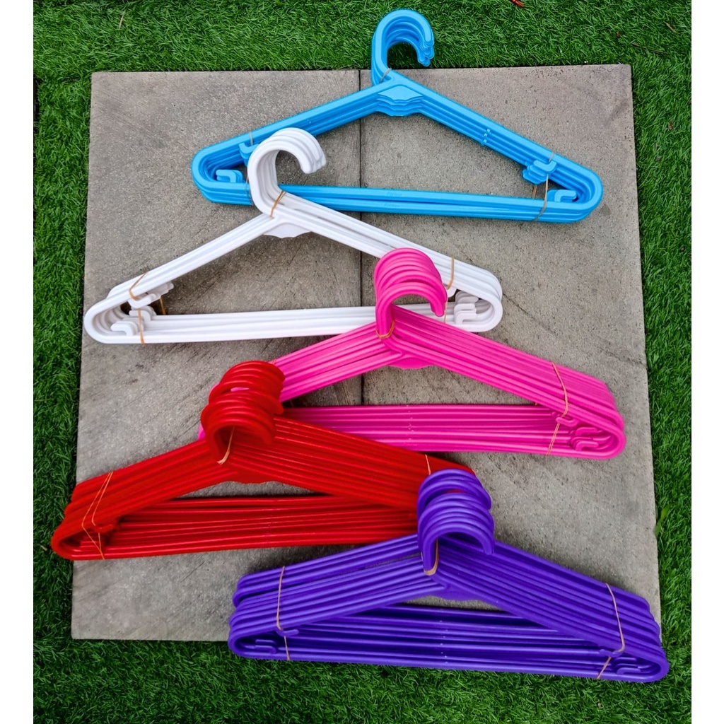 Detail Hanger Warna / Hanger Putih / Gantungan baju Plastik Putih isi 12 PCS
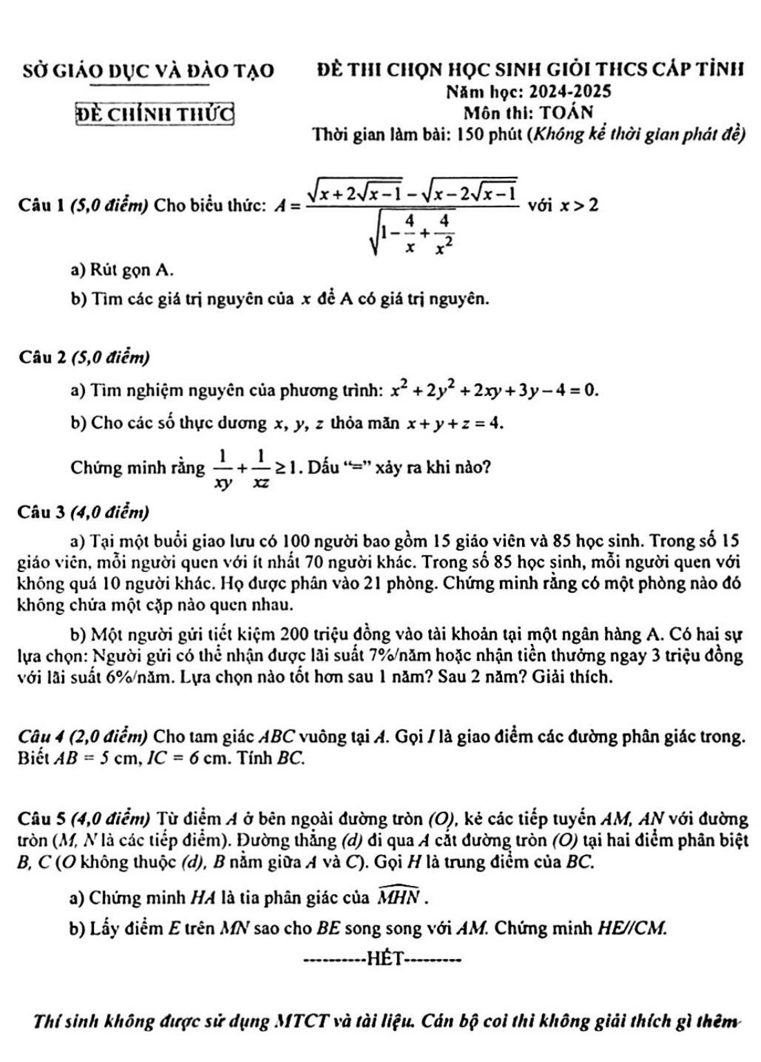 Đề chọn học sinh giỏi tỉnh Toán THCS năm 2024 – 2025 sở GD&ĐT Bình Dương
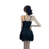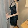 Camisón sexy negro de encaje con tirantes para mujer, pijama fino de seda de hielo para verano sin espalda, se puede usar como vestido para estar en casa.
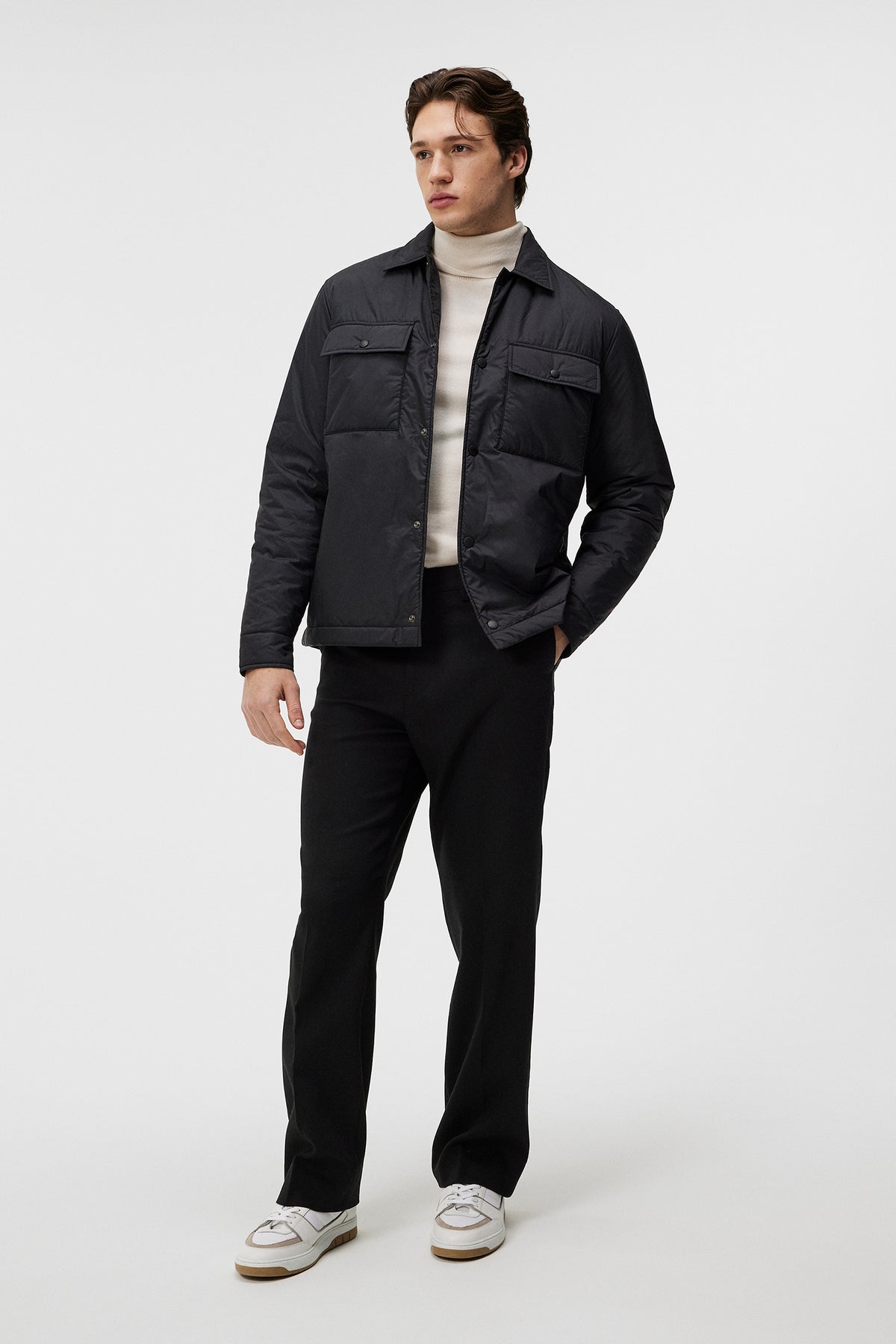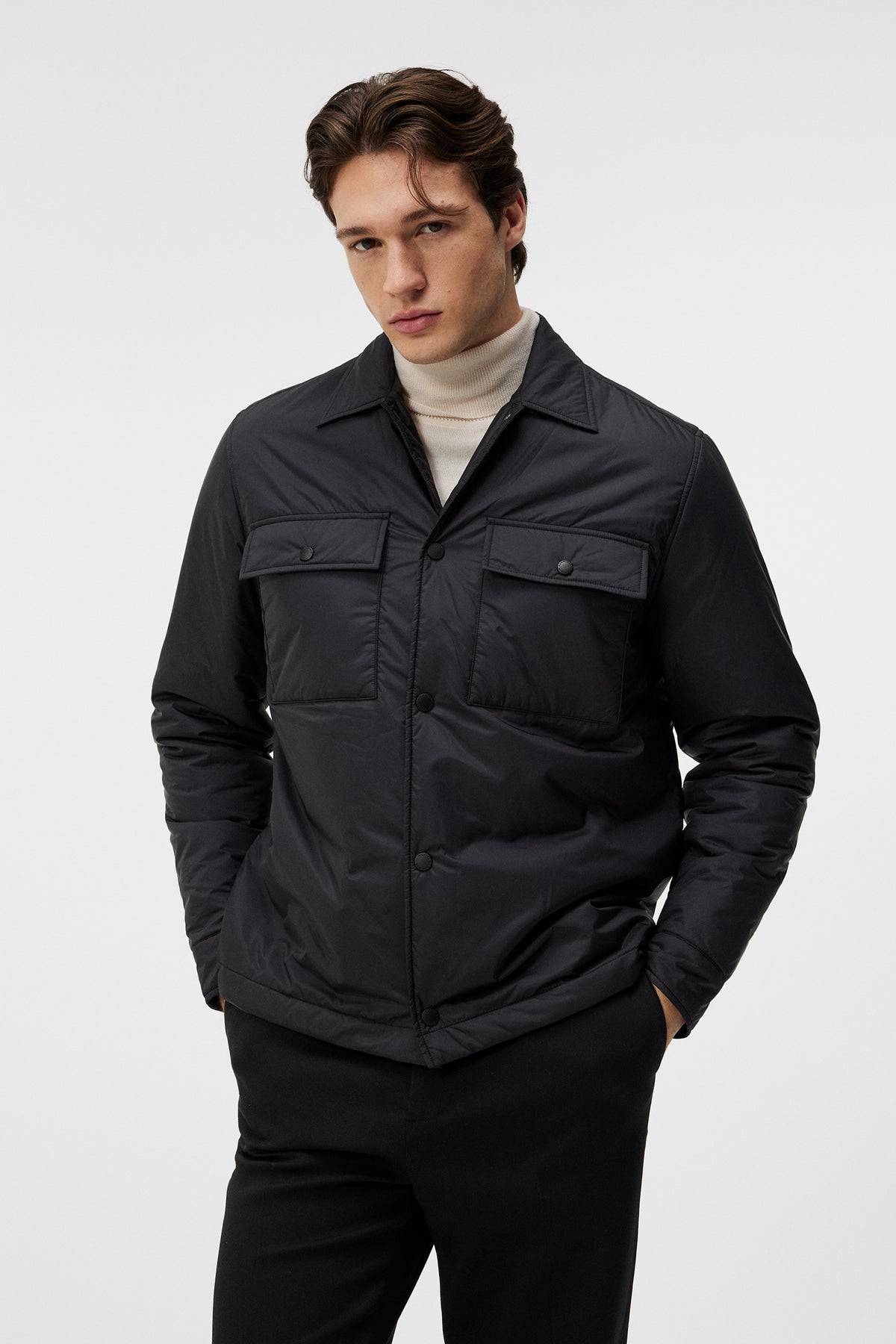 Experience the fusion of sporty materials and timeless design in our Nile Overshirt. Crafted from soft, recycled fabric, this piece features a fully lined interior filled with Primaloft padding for warmth and comfort. Adorned with a press-button front closure, it includes two chest pockets with button closures, adding functionality and classic style.
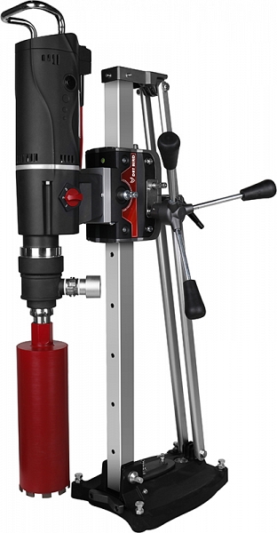Станина для алмазного сверления с микроударом Bycon DBS-352 (Байкон ДБС-352) – сверхнадежная новейшая стойка для алмазного бурения c анкерно-вакуумным основанием, транспортировочными колесами, быстросъемным креплением двигателя для сверления отверстий Ø до 352 мм, в том числе и с микроударом.

ABOUT THIS EXERCISE
The whole listing must come back verbatim, with no pictures included.

SOLUTION TO THE EXERCISE
 Detail Hanger Warna / Hanger Putih / Gantungan baju Plastik Putih isi 12 PCS
 Đề chọn học sinh giỏi tỉnh Toán THCS năm 2024 – 2025 sở GD&ĐT Bình Dương
 Camisón sexy negro de encaje con tirantes para mujer, pijama fino de seda de hielo para verano sin espalda, se puede usar como vestido para estar en casa.
 Experience the fusion of sporty materials and timeless design in our Nile Overshirt. Crafted from soft, recycled fabric, this piece features a fully lined interior filled with Primaloft padding for warmth and comfort. Adorned with a press-button front closure, it includes two chest pockets with button closures, adding functionality and classic style.
Станина для алмазного сверления с микроударом Bycon DBS-352 (Байкон ДБС-352) – сверхнадежная новейшая стойка для алмазного бурения c анкерно-вакуумным основанием, транспортировочными колесами, быстросъемным креплением двигателя для сверления отверстий Ø до 352 мм, в том числе и с микроударом.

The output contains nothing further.